Reputation: 1736
I wonder if there is a way to capture any (and all) type of error that crashes the script, but potentially without using try
to catch a specific exception.
I have a webdriver script that does a lot of stuff, like clicks on links, sends keys and so on, but I cannot predict where it will crash. I want to run a series of tests in sequence and print results into a file - including any errors/crashes: Eg.
Test01 - Success!
Test02 - NameError: name 'driver' is not defined !ERROR!
Test03 - Success!
and so on.
So that at the end I can just open the text file and check which tests need to be fixed and re-run.

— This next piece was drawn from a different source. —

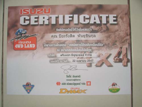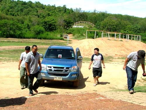 จบหลักสูตรกันถ้วนหน้าทั้งรุ่นใหญ่รุ่นกลางรุ่นเล็กค่ะ สนุกสนานสานสัมพันธไมตรีชาวอีซูซุได้อย่างดีอีกงาน เพราะงานนี้เพื่อนๆสมาชิกมากันร้อยกว่าชีวิต จำกันแทบไม่หมดค่ะ เราไม่ปล่อยให้ท่านใดต้องเหงาก็เลยหาเกมส์ให้เดินยืดเส้นยืดสายทำความรู้จักกันหมู่ชมรมคนรักอีซูซุด้วยกันซักเล็กน้อยก่อนจะเข้าสู่ห้องเรียนอย่างเป็นทางการค่ะ ได้รู้จักเพื่อนใหม่ๆหลากหลายวัย และได้สาระความรู้การใช้รถ 4 WD อย่างถูกวิธี แบบมีครูฝึกนั่งประกบไปตลอดเส้นทาง และยังมีเพื่อนๆนั่งลุ้นใจหายใจคว่ำไปสร้างความสนิทสนมกันกลางสนามอีกด้วยค่ะ

Now I've been using try/exception
with smaller blocks of code, but it seems to me that I would have to somehow include the whole script within try/catch/exception
to get what I want.
Is there a better way to catch any type of error that is displayed after a script crashes, like on the image below:
Upvotes: 1
Views: 2598
Reputation: 1424
It seems the trick you are looking for is redirecting the stderr to a file or stdout.
Python when having the exception will write the exception to stderr . simply you need to redirect stderr to the same output file you have when running the python program
like this
python file.py &> outputfile
Upvotes: 0
Reputation: 33275
You can use a plain except
to catch any and all exceptions, like so:
try:
some code here
except:
print 'whoops, something went wrong'
However this doesn't give you any information about the exception, so you probably don't want to do that.
You can also catch the very broad Exception
, like so:
try:
some code here
except Exception as ex:
print 'oops, caught this error: %s' % ex
This is a better method as it tells you what exactly went wrong.